I was never much one for making New Year’s resolutions. It seems that whenever I do make them, I forget what I was doing and go back to old ways before January is over. It seems like a much more practical thing to make a new moon resolution, or better yet a new week resolution.
Nevertheless, New Year’s is a good time to reflect on the past year and review what went wrong and what right, and to see what might be the way to move forward into the future. It is a time for new beginnings.

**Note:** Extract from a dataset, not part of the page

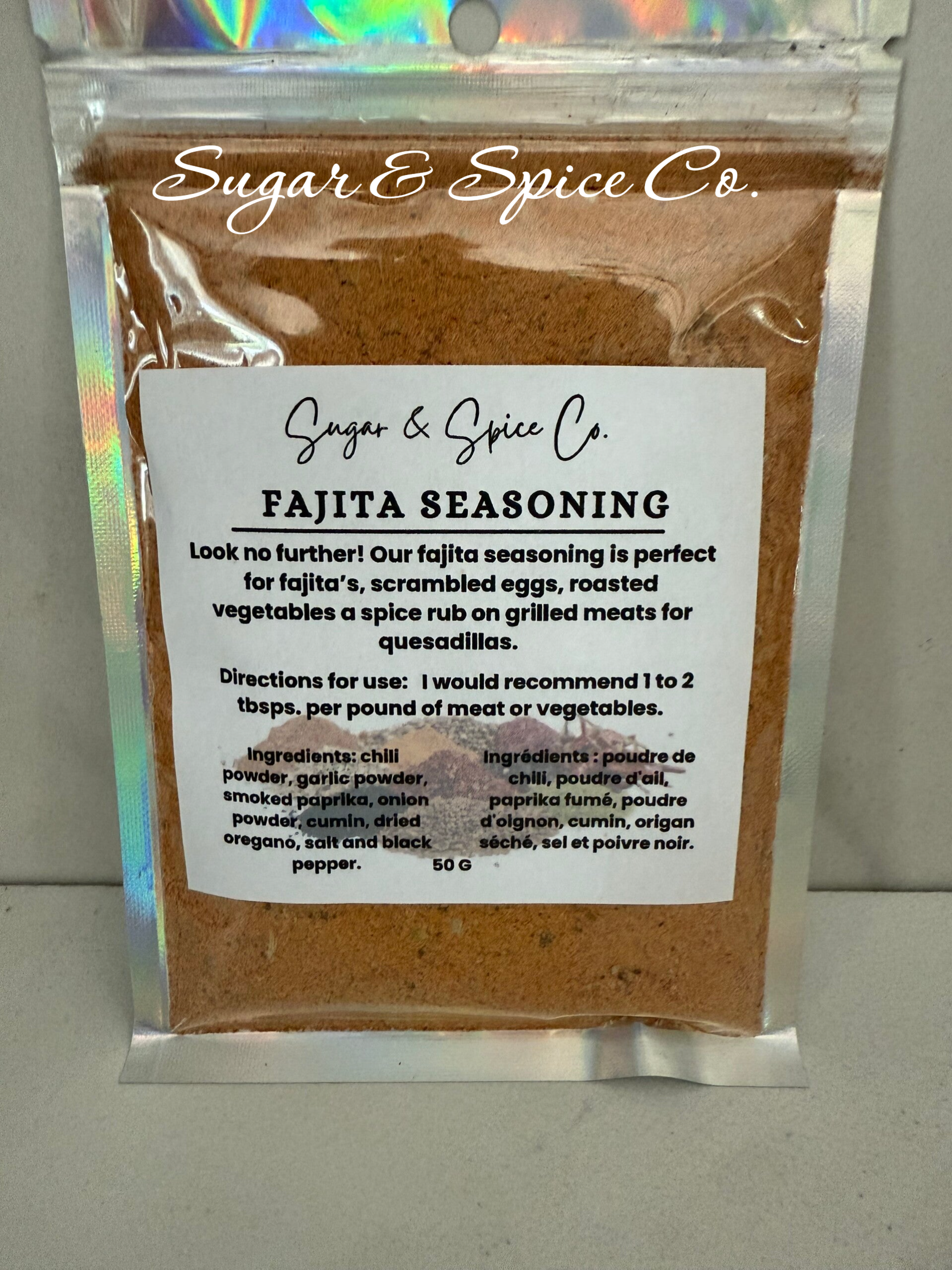 Look no further! Our fajita seasoning is perfect for fajita's, scrambled eggs, roasted vegetables or a spice rub on grilled meats for quesadillas.

2011 saw many little successes. The garden didn’t do great, but we still have plenty food for the winter. We started moving away from so much canning towards live storage and winter gardening. Although the fall vegetable crop did not do well, we got inexpensive cabbages from the Amish to make sauerkraut and to store for fresh eating, and someone gave us turnips which will keep a good while in cold storage. New Year’s Day saw me scavenging in the garden for the last of the Brussels sprouts before winter gets here in for force. The greenhouse is doing well. We have chard, collard greens, and lettuce growing there. In the New Year we will continue further down the path to more live storage as a path to greater simplicity. Not only does live storage save on fossil fuels used in canning, it also spreads the work out over the whole year. It does take more planning though.

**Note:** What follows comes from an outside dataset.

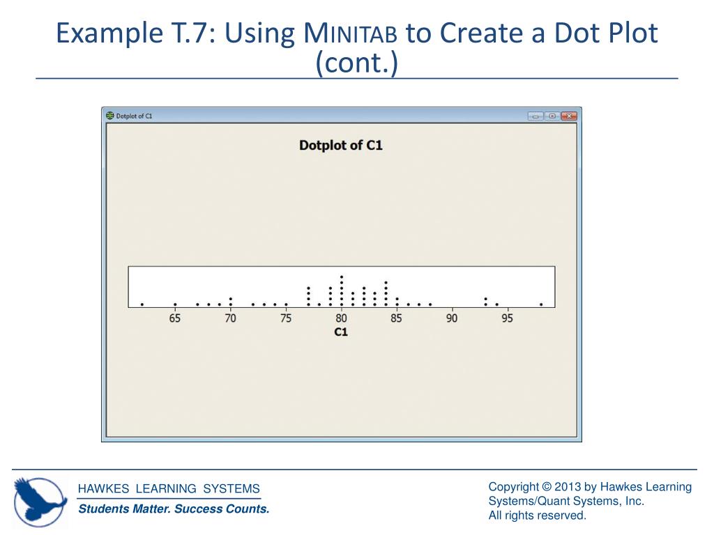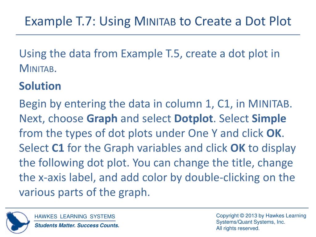 Example T.7: Using Minitab to Create a Dot Plot Using the data from Example T.5, create a dot plot in Minitab. Solution Begin by entering the data in column 1, C1, in MINITAB. Next, choose Graph and select Dotplot. Select Simple from the types of dot plots under One Y and click OK. Select C1 for the Graph variables and click OK to display the following dot plot. You can change the title, change the x-axis label, and add color by double-clicking on the various parts of the graph.

We figured out the right number of goats to milk in 2011. Our four Nubians produce a good amount of milk for fresh drinking and making cheese, but not the over-abundance we had the previous year with five milk goats. But we found out the hard way that it is simpler to keep a buck than to find someone with a buck that is available when you need it. So next year we will be in the market for a new buck.
I finally started to find a way to balance writing and homesteading in 2011. It isn’t easy; it requires scheduling and self discipline. And little things like the flu and time changes still throw me off. This is definitely an area for me to work on improving next year.
Overall, the lesson in simplicity that 2011 taught me was that simplicity and planning/scheduling go hand and hand. It might not seem that way at first. But in fact a plan or a schedule frees the mind from dwelling on all of the complexities that are involved in little everyday decisions to reflect on other things, like the poetry of everyday life—a swaying flower, the sound of the wind, the laughter of a friend.
My New Year’s wish for you is to find the ever greater peace of mind that comes with simplicity.